In [12] the prognosis among patients with thin melanomas depending on the surveillance compliance was analyzed. Patients were considered to be compliant with the follow-up regimen if they had at least one annual follow-up examination and non-compliant if they had follow-up intervals of more than one year. They showed that compliant patients before the onset of recurrence had a significantly better prognosis than non-compliant patients.

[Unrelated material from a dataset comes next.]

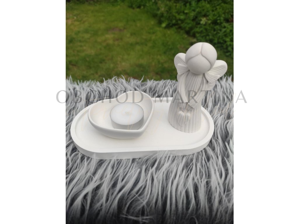 Elegantní dárkový set obsahuje ručně vyrobeného andílka z umělého kamene o výšce 10 cm, svícen ve tvaru srdíčka o rozměrech 8 × 7 cm a dekorativní tácek o velikosti 18 × 9 cm.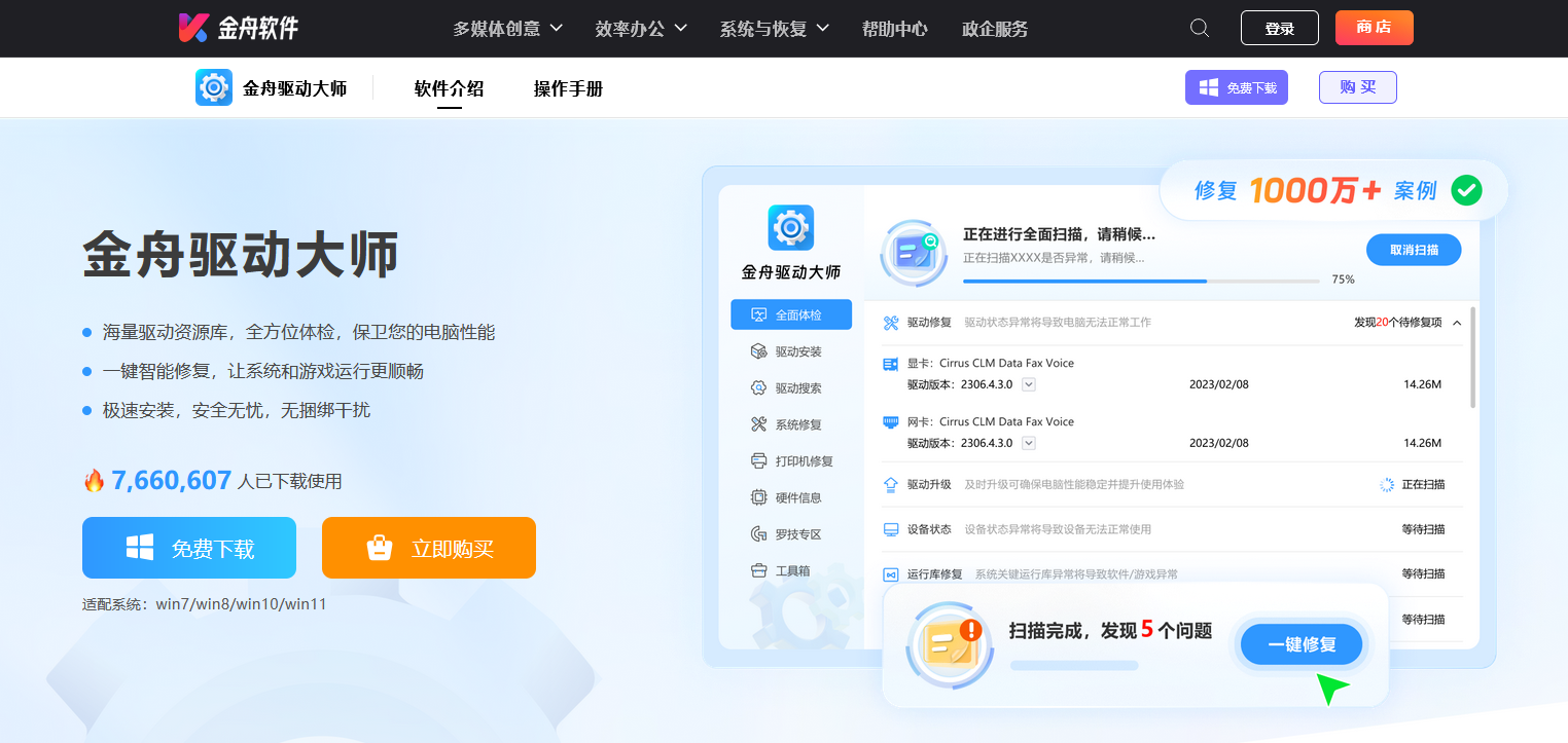 方法2:使用驱动管理工具(如金舟驱动大师)

When using our calculated fitness instead of the fixed time-intervals to evaluate the survival, the same effect can be observed in our data as seen in Fig. 6. We sampled all 246 patients that stayed in follow-up for more than two years based on their fitness value into three equal-sized groups and used the Kaplan–Meier estimator for survival analysis. The survival probability of patients with a high guideline compliance after five years is about 5% higher compared to the least compliant group. However, adding the patients that stayed for less than 2 years to the estimator, looking at all 358 patients in follow-up, showed a reversed effect. The main reason was that higher fitness is easier to achieve with a shorter stay and many with a short stay died early, e.g. after being staged in IV and the first follow-up visit.

Fig. 6.
figure 6

Survival analysis for all 246 patients that stayed in follow-up for more than two years, sampled into three equal-sized groups depending on their fitness.

The compliance calculated and formalized using the fitness using MPE is very promising. Yet it has to be further analyzed under which circumstances it correlates to the outcome of the patients. Further we plan to analyze how the compliance affects the tumor progression of the patients, i.e. if patients with a higher compliance are less likely to progress to a higher AJCC stage.